**What to work on**. The required output is every line from the one containing "TAHARI New Women’s" through the last line of the listing below, copied exactly, pictures excluded.
┄┄┄┄┄┄┄┄┄┄
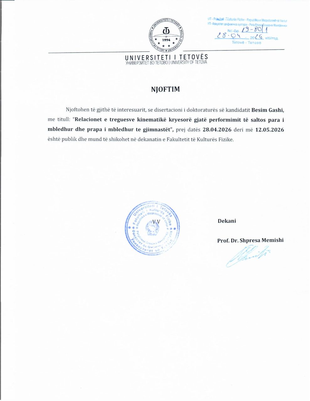 Njoftimi për bërjen publike të disertacionit të doktoraturës Besar Huseini2026-04-28T19:12:04+02:00Prill 28, 2026| Related Posts Buletini nr. 262 Prill 22, 2026 Njoftim (ditë jo pune) Prill 10, 2026 Njoftim për bërjen publike të disertacionit të doktoraturës Prill 07, 2026
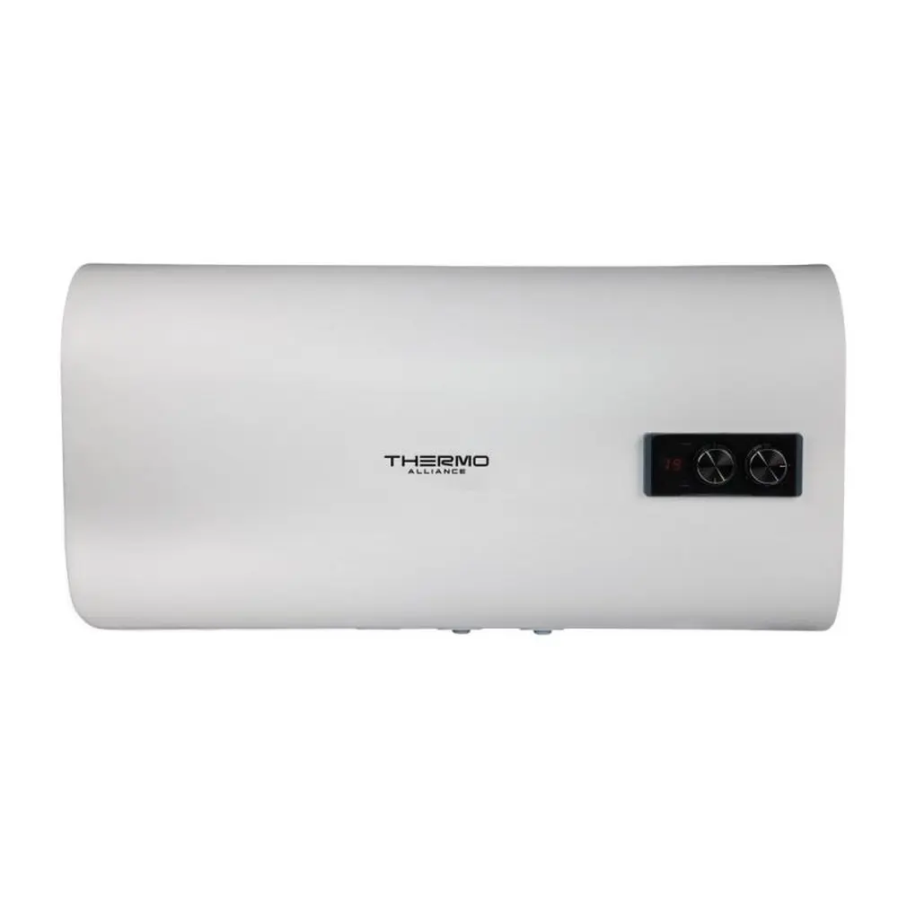 Водонагрівач Thermo Alliance 100 л, мокрий ТЕН 2 кВт (0,8+1,2) DT100H20GPD — ідеальне рішення в тих випадках, коли вільний простір для монтажу обмежено. З урахуванням елементів кріплення габаритний розмір по глибині становить всього 325 мм. Тип установки — горизонтальний, патрубки для підключення води розташовані внизу. Внутрішня поверхня бака вкрита емаллю високої якості. Потужний нагрівальний елемент швидко нагріває воду і підтримує її температуру. Товщина внутрішнього бака - 2 мм.
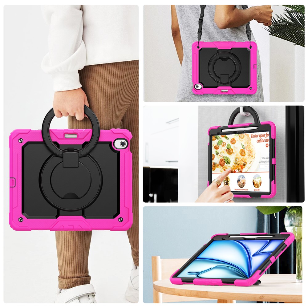 For iPad Air 13 (2025) / (2024) Case PC+Silicone Tablet Cover with Kickstand, Strap - Rose
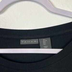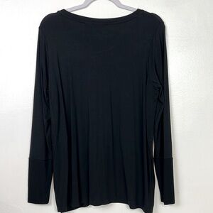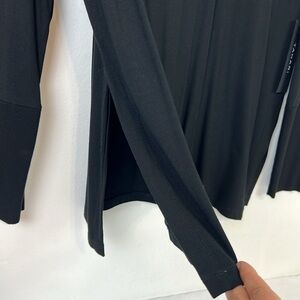 TAHARI New Women’s Large Stretchy Long Sleeve Side Silts Black Top
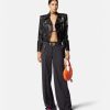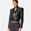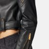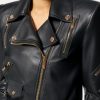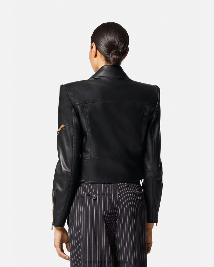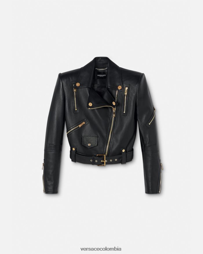 Confeccionada íntegramente en cuero con un acabado de grano suave, esta chaqueta corta de inspiración motera tiene una cremallera diagonal, cinturón en la cintura y está realzada con detalles metálicos de Medusa y bolsillos decorativos con cremallera.
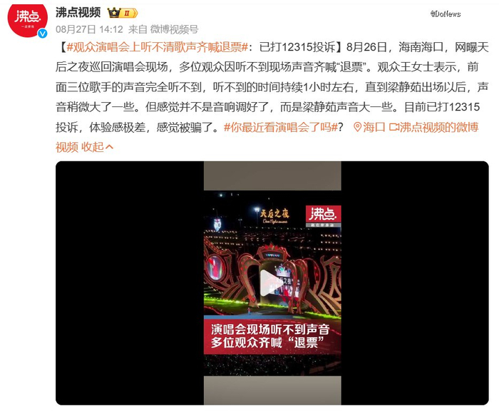 甚至,连热门城市也容易翻车。海南省会海口自五源河文化体育中心建成后,近年来已经成为不少一线歌手巡演的必经之站。即便如此,去年请来许美静、周慧敏、郑秀妍、蔡健雅、梁静茹、孙燕姿六位歌手举办“天后之夜”,现场音响效果竟然差到全场大喊“听不清”、“退票”,好生尴尬。
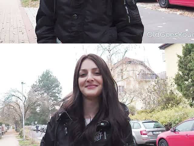 German Babe Sucks 2 Guys Outside Til They Cum in Her Mouth
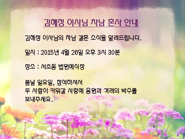 김혜정 이사님(용산반) 차남 혼사 안내입니다.
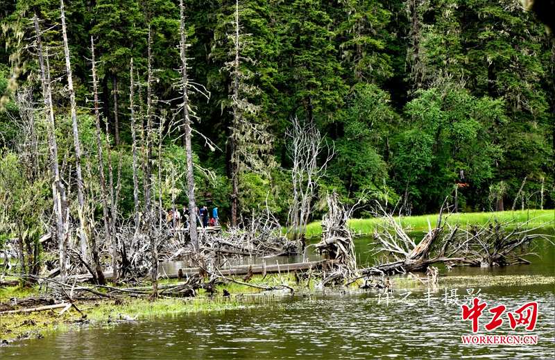 2019年7月13日,走进普达措原始森林,这里位于滇西北“三江并流”世界自然遗产中心地带,海拔在3500米至4159米之间,拥有地质地貌、湖泊湿地、森林草甸、河谷溪流、珍稀动植物等,原始生态环境保存完好。图为普达措原始森林。工人日报-中工网许之丰摄影报道
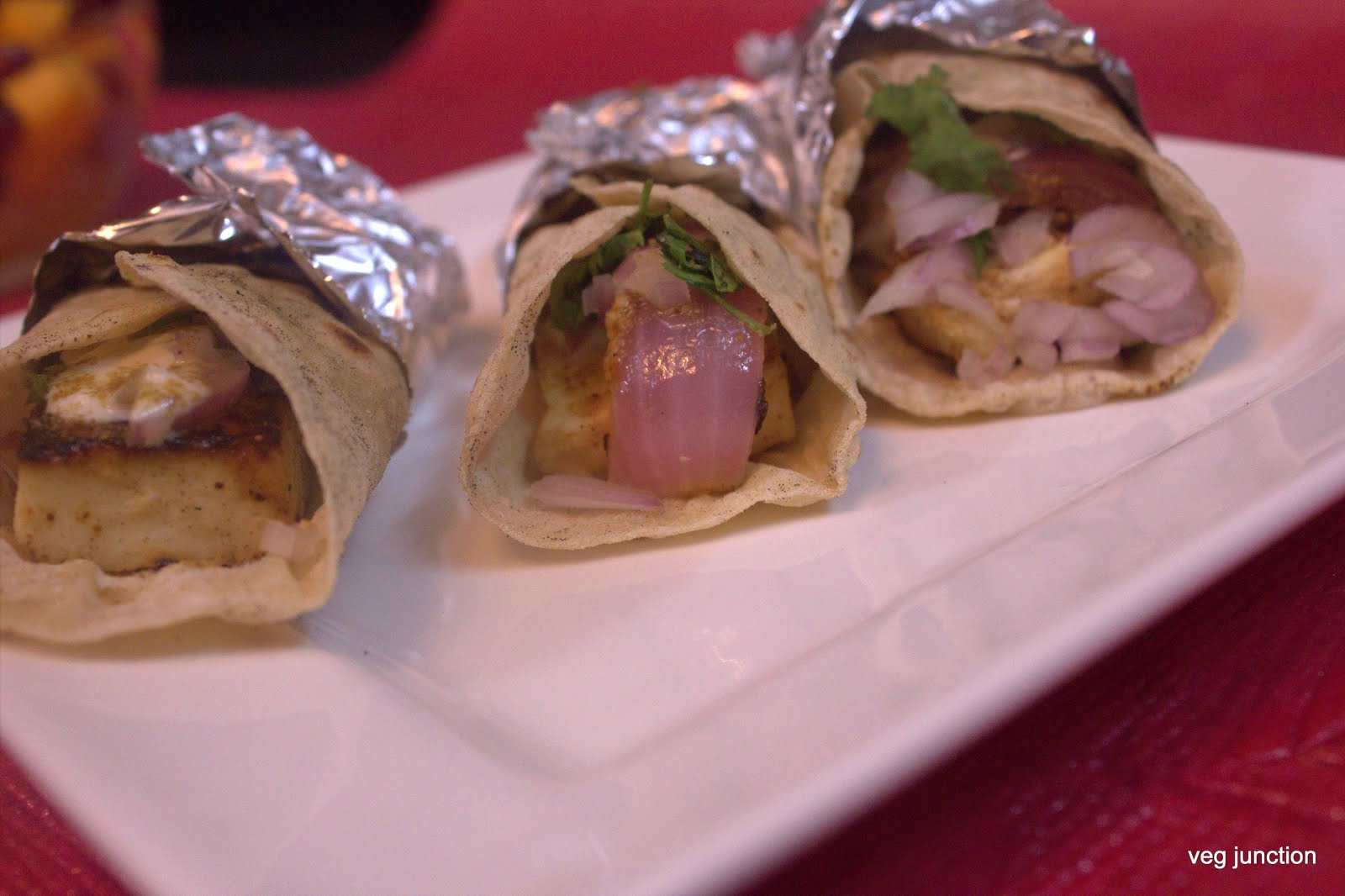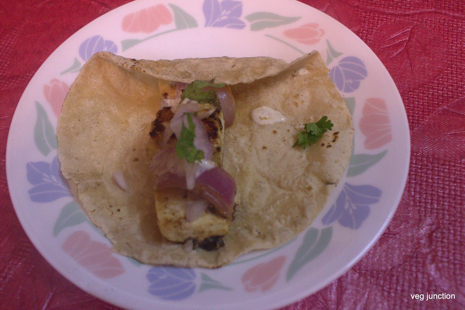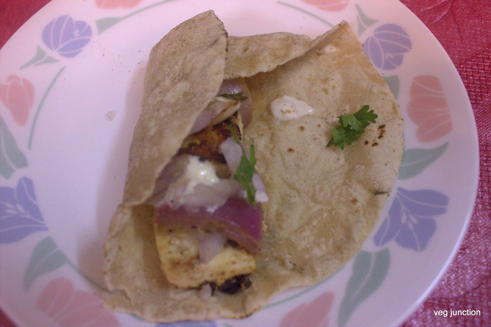 Place a chapathi/tortilla and arrange the paneer tikka in the center
┄┄┄┄┄┄┄┄┄┄
**Reply**.
 TAHARI New Women’s Large Stretchy Long Sleeve Side Silts Black Top
 Confeccionada íntegramente en cuero con un acabado de grano suave, esta chaqueta corta de inspiración motera tiene una cremallera diagonal, cinturón en la cintura y está realzada con detalles metálicos de Medusa y bolsillos decorativos con cremallera.
 甚至,连热门城市也容易翻车。海南省会海口自五源河文化体育中心建成后,近年来已经成为不少一线歌手巡演的必经之站。即便如此,去年请来许美静、周慧敏、郑秀妍、蔡健雅、梁静茹、孙燕姿六位歌手举办“天后之夜”,现场音响效果竟然差到全场大喊“听不清”、“退票”,好生尴尬。
 German Babe Sucks 2 Guys Outside Til They Cum in Her Mouth
 김혜정 이사님(용산반) 차남 혼사 안내입니다.
 2019年7月13日,走进普达措原始森林,这里位于滇西北“三江并流”世界自然遗产中心地带,海拔在3500米至4159米之间,拥有地质地貌、湖泊湿地、森林草甸、河谷溪流、珍稀动植物等,原始生态环境保存完好。图为普达措原始森林。工人日报-中工网许之丰摄影报道
 Place a chapathi/tortilla and arrange the paneer tikka in the center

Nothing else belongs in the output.